Skiing is a fun sport that leaves you feeling refreshed, but the harsh weather can take its toll on your skin.
With the help of Tina Richards, we have created the ultimate guide on the essentials you'll need whilst taking to the slopes.
Sun cream: The combination of the glaring white snow and a higher altitude makes skiers and snowboarders highly susceptible to sunburn. Experts estimate that an incredible 85% of the sun's rays are reflected back and also the higher the altitude, the more sunshine is present. So it is easy to burn areas around the nose and the ears in particular when up the mountain.
Burns acquired while skiing can be far more intense and painful than the typical summer sunburn and you can get UV damage from the sun which can lead to skin cancer as well as wrinkles. You should wear a sun cream of at least SPF30 to prevent this. Given that most of us only wear half the amount of sun cream needed, remember that the optimum dose is a large pea size for the face.
You should ideally choose a waterproof and sweat-proof cream and regularly reapply to ensure you prevent burns. Don’t forget to cover areas on the face that could be exposed after taking off and hats, goggles and hair bands. Plus the delicate skin around the eyes is prone to UV damage. Use a mineral only based sunscreen around the eye area (chemical sunscreens will sting and burn your eyes) containing zinc oxide or titanium dioxide. I like Suntegrity All Natural Moisturizing Face Protection SPF30 which is also good as a lip balm and hand cream.
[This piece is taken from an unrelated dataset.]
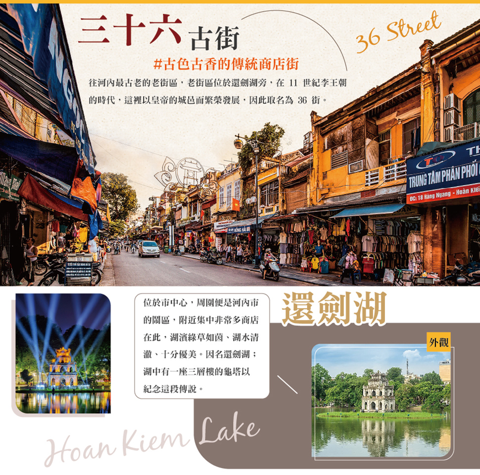【三十六古街】往河內最古老的老街區,老街區位於還劍湖旁,在 11 世紀李王朝的時代,這裡以皇帝的城邑而繁榮發展,因此取名為 36 街,每一條狹窄的街道均以當時交易的商品來命名,如絲街、米街、紙街、珠寶街等,在此千年歷史的舊街區內遊逛時,你可看到多個世紀內進行的商品買賣活動至今仍不曾改變瀏覽這古色古香的傳統商店街。

Lip balm: You will also need to find a high SPF lip balm to not only prevent your lips becoming too dry, chapped and crack but sunburnt too. More products are coming onto the market now.
Hand cream: At low temperatures and high wind situations is when your hands become dry – even if you are wearing gloves most of the time. So be sure to look for a non-greasy ultra-hydrating hand cream otherwise your hands could also be at risk of becoming cracked and chapped.
Sunglasses and goggles: Eyes can become sunburnt too! Yes believe it or not, this can actually result in scarring in bad cases and takes more than 48 hours for the eyes to heal. Don’t leave the chalet without goggles or sunglasses which block out the UV rays and help prevent blindness from the snow too.
Relaxing bath: After a long hard day skiing, it’s a good idea to relax the muscles so that they are ready for the next day so take a soak in the bath with an emollient body wash product such as Dove Triple Moisturising Body Wash £2.99, Cetaphil Restoraderm Body Wash £15.99 or Balance Me Super Moisturising Body Wash £12.25.
Moisturiser: After your bath, massage in a therapeutic body oil or cream to further relax the muscles and moisturise the skin before you retire for the evening. You should look for a product that includes muscle warming essential oils like ginger, black pepper or marjoram. I like Cowshed’s Wild Cow Invigorating Body Lotion £18.00, Neals Yard Aromatic Massage Oil £11.65 or Pepperfit Relax Body Lotion £20.40.
Serum: At night use a serum loaded with antioxidants to mop up free radicals induced during the day in the sun. I like those that contain vitamin C or niacinamide as these brighten the skin and help to reduce pigmentation such as SkinCeuticals CE Ferulic serum £129.00, Medika8 C-Tetra Vitamin C Serum £34.00, or Total Vitamin Antioxidant Face Serum by Kate Somerville £61.00.
Diet: Eat foods high in vitamin C including grapefruit, peppers, berries and foods high in zinc such as nuts and seeds to boost your immune system because strong UV exposure at high altitudes is immune-suppressive leading to mouth cold sores and colds.
On the run up to your skiing trip ensure your diet includes plenty of essential fatty acids (nuts, ground seeds, avocadoes, oily fish, olive oil) to fortify the skin’s natural moisturising barrier before you expose your face to the cold.
If you follow all these guidelines, you shouldn’t have any problems whilst away skiing bar any on or off piste accidents!